Task prompt: Pictures stay out of the copy; output exactly the lines from the one containing "1974 Minolta SRT Camera Print Ad | New World" through the end of the material.

Given information:
===

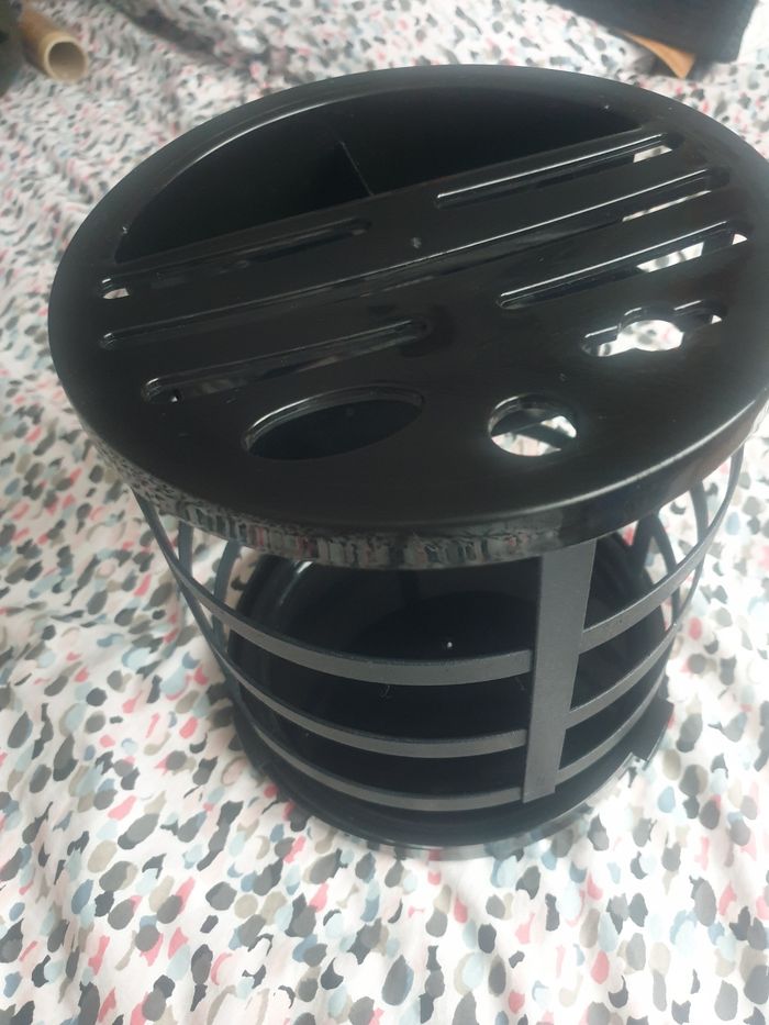 Porte couteaux couvert plastique et fer tournant impeccable Peut servir aussi d d'egoutoire bac dessous amovible .
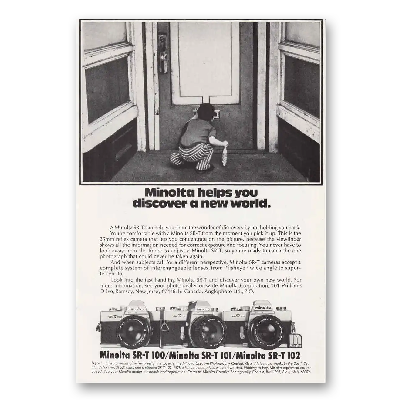1974 Minolta SRT Camera Print Ad | New World
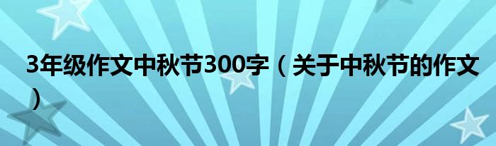 大家好,伊人來為大家解答以上問題。3年級作文中秋節(jié)300字,關(guān)于中秋節(jié)的作文很多人還不知道,現(xiàn)在讓我們一起來看看吧!

===

Response area:
1974 Minolta SRT Camera Print Ad | New World
 大家好,伊人來為大家解答以上問題。3年級作文中秋節(jié)300字,關(guān)于中秋節(jié)的作文很多人還不知道,現(xiàn)在讓我們一起來看看吧!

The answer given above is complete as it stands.